February 26, 2020, 2:29 PM ET [13 Comments]
Sam Hitchcock
Tampa Bay Lightning Blogger • RSSArchiveCONTACT
The Lightning lost their third straight game, this time 4-3 to the Toronto Maple Leafs. More notably, Steven Stamkos didn’t play in the third period because he reaggravated a lower-body issue. At the trade deadline, bolstering the Bolts’ forward depth was clearly a priority for management, and last night its importance was demonstrated in Stamkos’s absence. However, the game also underscored that the team’s defensive corps is thin.

The Lightning’s forecheck imposed dominance in stretches, especially in the third period, when they doubled the Maple Leafs in scoring chances at 5v5. Tampa Bay did a nice job pressuring a weak Maple Leafs’ breakout, and they forced turnovers and retrieved the puck, keeping their opponent hemmed in its own end. The Anthony Cirelli line, featuring newcomer Blake Coleman, looked formidable. And the different iterations of the bottom-six forwards also were successful, with two different Yanni Gourde lines registering goals. Really the only forward who looked completely ineffective was Ondrej Palat, who took Stamkos’s place on the first line.
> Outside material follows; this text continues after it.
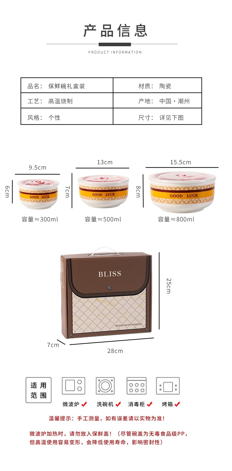 以高温淬炼瓷质,以精致诠释格调;可微波可机洗,锁鲜不串味;大中小三个尺寸,从带饭到保鲜全搞定;密封盖一盖,剩菜、食材直接锁鲜,冰箱再也不串味了;乔迁新居、节日送礼、员工福利的好选择

But the Lightning lost for two reasons: Braydon Coburn and too many penalties. The latter is a discipline issue, but the former is concerning because the Bolts’ vulnerability at defense should have been fully addressed at the trade deadline. What was evident last night is that Coburn, against skilled teams, is borderline unplayable. At 5v5, the Maple Leafs outshot the Lightning 7-2 when he was on the ice. He had an expected goals for percentage of 25.02. Coburn was also directly responsible for allowing two goals.

On the first Leafs goal, Timothy Liljegren heaved the puck deep for a normal dump-in. But Coburn, who was on the right side and fetching the retrieval, fumbled the pick-up. Coburn wanted to pass to his defensive partner Zach Bogosian, but instead his weak touch went right to Toronto’s Frederik Gauthier. Mistakes happen, but a competent defenseman alleviates an error by his next action. Coburn allowed Gauthier, with little room, to slip a pass to Jason Spezza, failing to disrupt the forecheck. Spezza tried to feed his teammate out front, but instead the pass turned into a perfect one-timer for Jake Muzzin.
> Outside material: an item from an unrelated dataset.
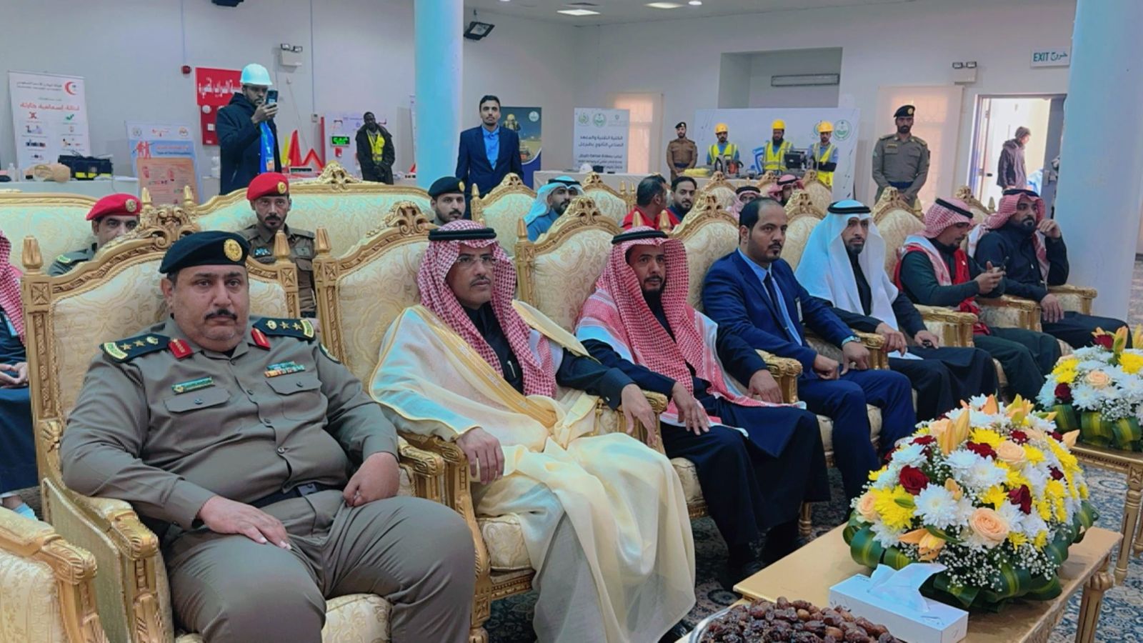 حيث قام سعادة أ. نادر بن غالب العتيبي بإفتتاح المعرض المصاحب لفعاليات اليوم العالمي وتجول داخل المعرض، ثم بعد ذلك حضر الحفل الخطابي المعد بهذه المناسبة وفي نهاية الحفل قدم سعادة أ. نادر العتيبي الدروع والشهادات التقديرية للجهات المشاركة في فعاليات اليوم العالمي للدفاع المدني.

On the John Tavares goal, Coburn’s gaffe was a defensive coverage issue. Stamkos whacked the puck toward the boards and William Nylander couldn’t handle it. This led to a one-on-one battle at the boards between Nylander and Nikita Kucherov. But when Nylander won the puck from Kucherov, Coburn had glided forward and forgotten about Tavares, who was well behind Coburn. This allowed Tavares to slither into the slot and shovel a backhand past Andrei Vasilevskiy.



Vasilevskiy should have stopped the shot, but Coburn cannot slacken his coverage on Tavares when the Lightning haven’t clearly established possession and are positioned to exit the zone. Perhaps, if he were Victor Hedman and was angling to help steer the rush, he’d have a better argument for cheating forward. But Coburn is offensively incapable. His main priority should be preventing the incredibly dangerous players on the ice from cutting to the slot with the puck.
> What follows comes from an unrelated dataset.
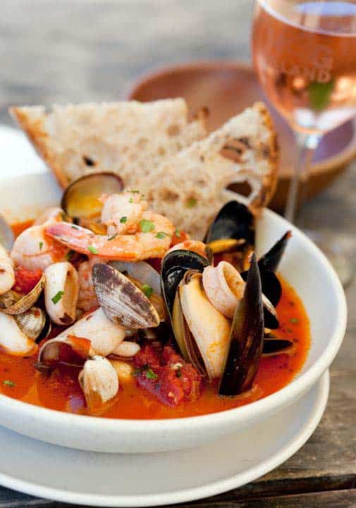 Another soup that is in demand is a Fish Stew. This is similar to Cioippino, the San Francisco version of Bouillabaise, except that it does not use crab. The broth is made from tomatoes, wine, garlic, clams, mussels, parsley and cod. It cooks slowly reducing by half before the seafood is added, allowing all the flavors to blend. It is served in a bowl with two slices of Acme wholewheat bread, (one of the local purveyors) for dipping into and slurping the Fish Stew. This recipe is also available on the internet.

The Stamkos injury looms large in this loss. There are 19 games left in the season. If Stamkos can heal by taking the next month off before rejoining the team for the last week-plus, it would be wise to let him do that. The Lightning can survive his absence, and having him at close to full health is paramount. If the injury lingers because Tampa Bay and Stamkos don’t believe they can afford him taking several weeks off, that is short-sighted.